Top-level request parameters

These fields are set at the top level of the request body:

KeyTypeRequired?Description
cache_controlobjectNoDefault cache control applied to the entire request (Claude models). When set at the request level, it acts as a default for all messages. Contains type and optional ttl.
prompt_cache_retentionstringNoControls cache retention duration (OpenAI models). Passed through to OpenAI’s API.
prompt_cache_keystringNoCustom cache key for grouping requests (OpenAI models).

Message-level cache_control

The cache_control field can also be set on individual messages. Message-level cache_control lets you mark specific cache breakpoints — the provider caches all content up to and including the marked message. This is the recommended approach for Claude models.

KeyTypeRequired?Description
cache_controlobjectNoCache control for this specific message.
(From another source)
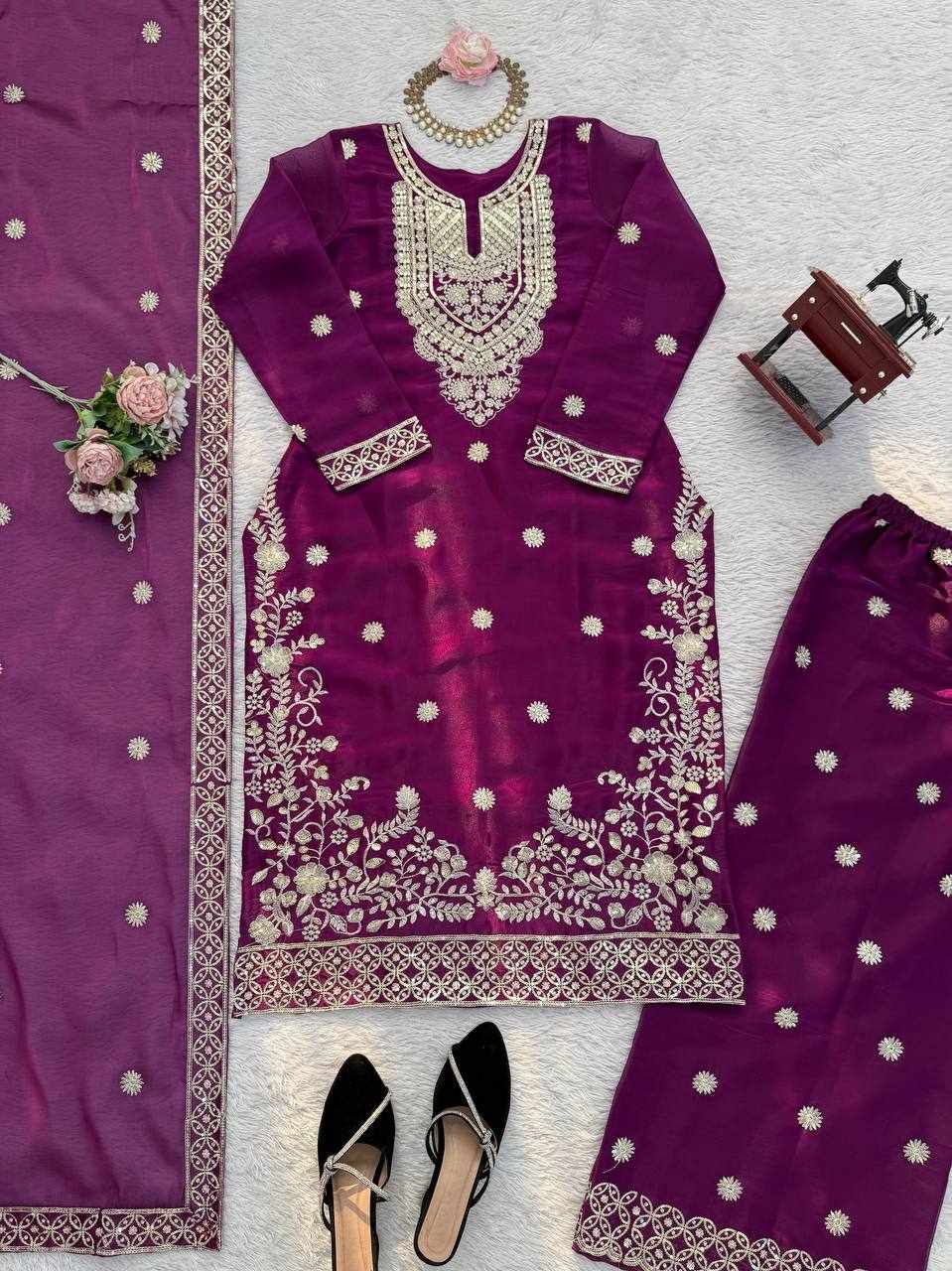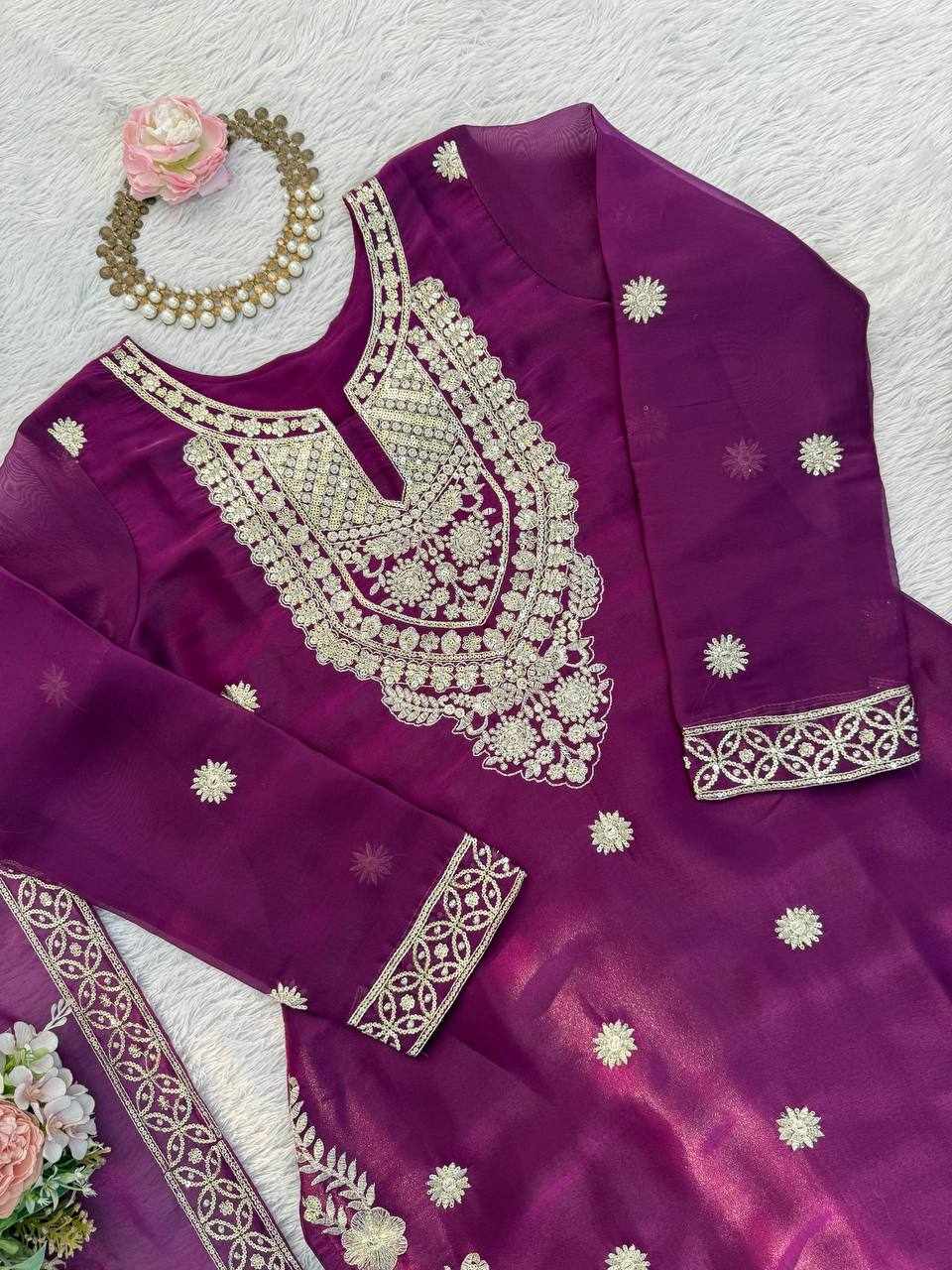 JKWH 997 Pure Fine Cotton Febric Embroidery Work A-line Kurti Set With Pocket
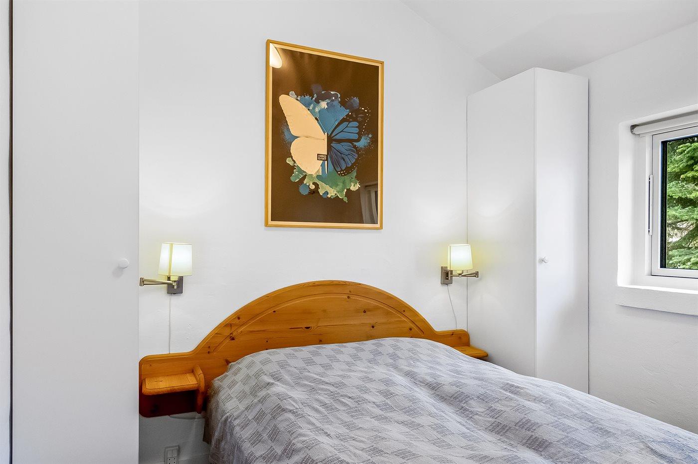 Der er i alt 4 soveværelser. Sovepladserne fordeler sig på: 6 sovepladser i dobbeltsenge. 2 sovepladser i enkeltsenge. 4 sovepladser på madrasser. 4 af disse sovepladser befinder sig på husets hems. Derudover er der 1 stk. barneseng.

Marks a cache breakpoint at this position in the conversation.

Cache control object

The cache_control object has the same structure whether used at the request level or message level:

KeyTypeRequired?Description
typestringYesThe cache type. Use "ephemeral" for standard caching.
ttlstringNoTime-to-live for the cached content (Gateway extension — not part of Anthropic’s native API).

Response

Usage fields for cache metrics

KeyTypeDescription
usage.prompt_tokens_details.cached_tokensnumberInput tokens served from cache.
usage.prompt_tokens_details.cache_creation.ephemeral_5m_input_tokensnumberTokens written to 5-minute cache.
usage.prompt_tokens_details.cache_creation.ephemeral_1h_input_tokensnumberTokens written to 1-hour cache.